Stepping into the vibrant embrace of autumn, I find myself drawn to the market’s bounty, where the first whispers of crisp air inspire cozy cooking adventures. That’s where I discovered the magic of this Fall Farro Salad with Butternut Squash and Apples, a plant-based delight that captures the essence of the season. With its nutty farro and sweet roasted squash, this dish offers not just a satisfying meal but a healthy upgrade to any table.

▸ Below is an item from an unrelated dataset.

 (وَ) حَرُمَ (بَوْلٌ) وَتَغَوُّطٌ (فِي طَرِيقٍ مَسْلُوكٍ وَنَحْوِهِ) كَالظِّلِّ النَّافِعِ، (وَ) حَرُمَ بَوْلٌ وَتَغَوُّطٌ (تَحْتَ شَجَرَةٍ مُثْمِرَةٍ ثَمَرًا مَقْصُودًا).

It’s perfect for those busy weeknights when you crave something wholesome yet easy to prepare. Why not surprise yourself and your loved ones with a dish that’s as colorful as a fall sunset? Are you ready to experience the comfort of autumn on your plate?

What makes this salad a fall favorite?
Vibrant autumn flavors: This Fall Farro Salad features the earthy sweetness of roasted butternut squash and the tart crunch of apples, creating a symphony of taste that embodies the season.

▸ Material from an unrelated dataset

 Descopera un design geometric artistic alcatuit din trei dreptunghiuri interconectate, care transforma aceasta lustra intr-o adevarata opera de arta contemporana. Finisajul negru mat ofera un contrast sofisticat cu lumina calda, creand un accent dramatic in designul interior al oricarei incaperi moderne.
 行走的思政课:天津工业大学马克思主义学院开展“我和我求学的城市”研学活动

Nutrient-rich goodness: With hearty farro and an array of fresh greens, this dish is packed with fiber and vitamins, making it a healthy choice while satisfying your cravings.
Easy to prepare: With simple prep steps, including roasting and toasting, you’ll have a delicious meal ready in no time, perfect for busy evenings or unexpected guests.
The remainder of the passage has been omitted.